As far as peccadillos go, many times Serafina’s first response during a conversation is to try to control, especially if she doesn’t like or understand the general drift. In other words, she’s afraid of being left behind. And she’s got a healthy jealous streak, although most of the time she doesn’t admit it. At one point she calls Inspector Colonna, “a no nothing lout.”
Life wasn’t easy for Serafina. In Sicily, the times were horrendous. It was a society barely functioning. So, in Death of a Serpent, in addition to dealing with the mystery of who killed three women, Serafina deals with the times, which in Sicily in the 1860s were filled with external conflict.
But beyond this external conflict, Serafina has a gnawing inner conflict. It’s her core conflict—She is torn: Is a woman more than a wife and mother? Does a woman deserve to enjoy the fullness of humanity the same as a man? In the end, this internal to-ing and fro-ing informs all of her decisions and revisions and accounts for much of the tumult in her head.
Here’s a scene from Death of a Serpent. Serafina is riding home in her friend, Rosa’s carriage. They’ve been to Palermo to break the news of a prostitute’s death to her parents. Along the road, a circus blocks their way, forcing their carriage to stop.
“Off the highway!” someone yelled. “Let us pass!”
“Can’t our guards do something?” Serafina asked.
“The guards are thick,” Rosa said. “A show for bandits.”
“Stay here.” Serafina opened the door and climbed out of the carriage.
Barco was a ball of a man, short and round, clothed in the only garb she’d ever seen him wear—overalls, a tattered shirt stained with sweat, red tails, a balding top hat. He rolled over to Serafina.
“Eh, Donna Fina, haven’t seen you since you was a tyke. Heard you married the apothecary. And you, a midwife, same as your mama, popping out babies like a hocus-pocus lady.”
They hugged. She told him about Giorgio’s death and the recent killings at Villa Rosa.
“I heard about the trouble at Rosa’s. Word is, the red fox is in the coop.” He leaned over, spat.
“Another woman killed today,” she told him. “We come from Palermo where we broke the news to her poor parents.”
He chewed the butt of his cigar. “We might as well camp here as anywheres,” he said, pointing to the nearby emptiness. “In a few minutes, you’ll be able to pass.”

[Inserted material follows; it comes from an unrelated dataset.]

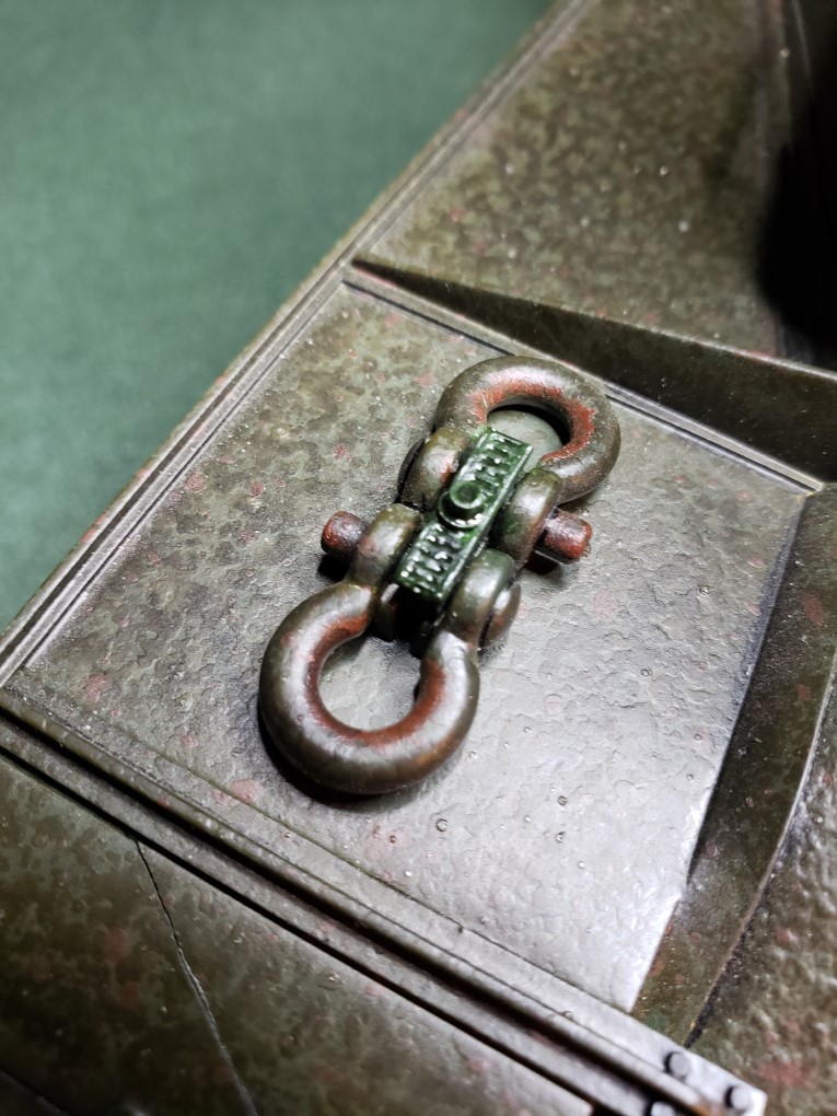 A little more detail work on the lower hull and deck. I still need to find or scratch some micro lenses for the marker lights but they are drilled out and painted inside for a start. Work is ongoing in drilling out the track pin runs for the spares up front. Pics: ( Click to enlarge )

Barco motioned to his foreman. Mules began towing the wagons out of the way. Performers and animal cages and trailers flooded the field. A group of knife throwers crowded around a tree where they had set up a target. Acrobats tumbled. The cook began building a fire.
As their carriage jerked forward, Serafina spied a clown in whiteface with a tuft of ginger hair staring at her from the side of the road, the butt of a knife sticking out of his belt.
She felt a shiver course down her spine. Running splayed fingers through her red curls, Serafina looked away. She heard the ghost of her mother whisper, “Remember the clown with hair like ours.”